If the identifier is not provided as parameter, it will be computed when the model
is initialized.

This is useful when writing tests and one wants to populate the archive using models
instead of raw dicts.

For instance, if we have the following directory entry model:

dir_target = ...
dir_entry = DirectoryEntry(name=b'directory', type='dir',
                           target=dir_target,
                           perms=DentryPerms.directory)

To create a valid Directory model, previously you had to proceed like this:

dir_id = hash_to_bytes(directory_identifier({
    'entries': [dir_entry.to_dict()]
}))

dir = Directory(id=dir_id, entries=[dir_entry])

While after applying that diff, you can now simply write:

dir = Directory(entries=[dir_entry])
Test Plan

Tests have been added.

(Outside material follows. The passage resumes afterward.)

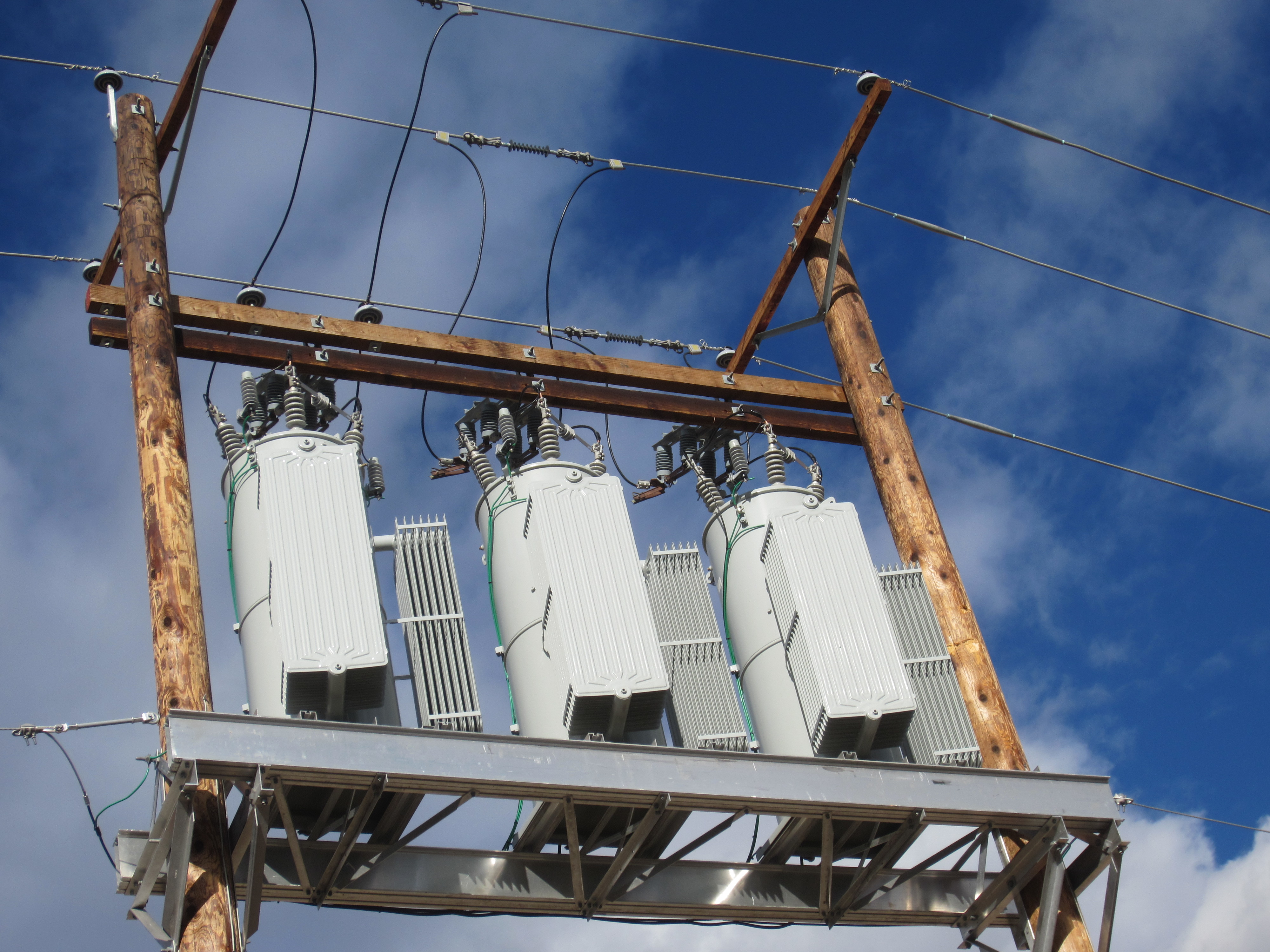 A three-phase bank of voltage regulators rated 400 Amps, 14400/24940VY 60 Hz. Each regulator contains an oil-filled autotransformer with 32 taps to change voltage + or - 10%. Voltage regulators such as this are used to control the voltage on long AC power distribution lines. This bank is mounted on a wooden pole structure. Each regulator weighs about 2600 lbs and is rated 576 kVA. Control boxes (not shown) for each regulator are mounted near grade level. A voltage regulator bank can be distinguished from a step-down transformer bank by observing that incoming and outgoing wires are of similar construction, the same voltage class. Photo taken near Castlegar, BC Canada

Some raw data from test_identifiers are reused to avoid duplication.

Diff Detail

Repository
rDMOD Data Model
Lint
Automatic diff as part of commit; lint not applicable.
Unit
Automatic diff as part of commit; unit tests not applicable.

Event Timeline

anlambert created this revision.Nov 28 2019, 5:21 PM
vlorentz requested changes to this revision.Nov 29 2019, 1:57 PM
vlorentz added a subscriber: vlorentz.

Nice!

I think instead you should add a method that computes the hash to each class, then implement __attrs_post_init__ only in BaseModel (or a new abstract class for hashable objects).

That will make your code shorter, and also make it easier to implement hash checking when we will add it.

swh/model/model.py
235–240

You should do this, for consistency with other classes:

return cls(
    branches={name: ... for ... in d.pop('branches').items()},
    **d)
317–318

I think you can remove this line entirely

349–352

same

This revision now requires changes to proceed.Nov 29 2019, 1:57 PM
anlambert updated this revision to Diff 8375.Nov 29 2019, 2:47 PM

Update: Rebase and address @vlorentz comments

anlambert updated this revision to Diff 8376.Nov 29 2019, 2:51 PM

Update: Rename a variable

vlorentz added inline comments.Nov 29 2019, 3:44 PM
swh/model/model.py
342–345

forgot this one

anlambert added inline comments.Nov 29 2019, 3:50 PM
swh/model/model.py
342–345

Sigh .. I am really not efficient when I am sick and tired.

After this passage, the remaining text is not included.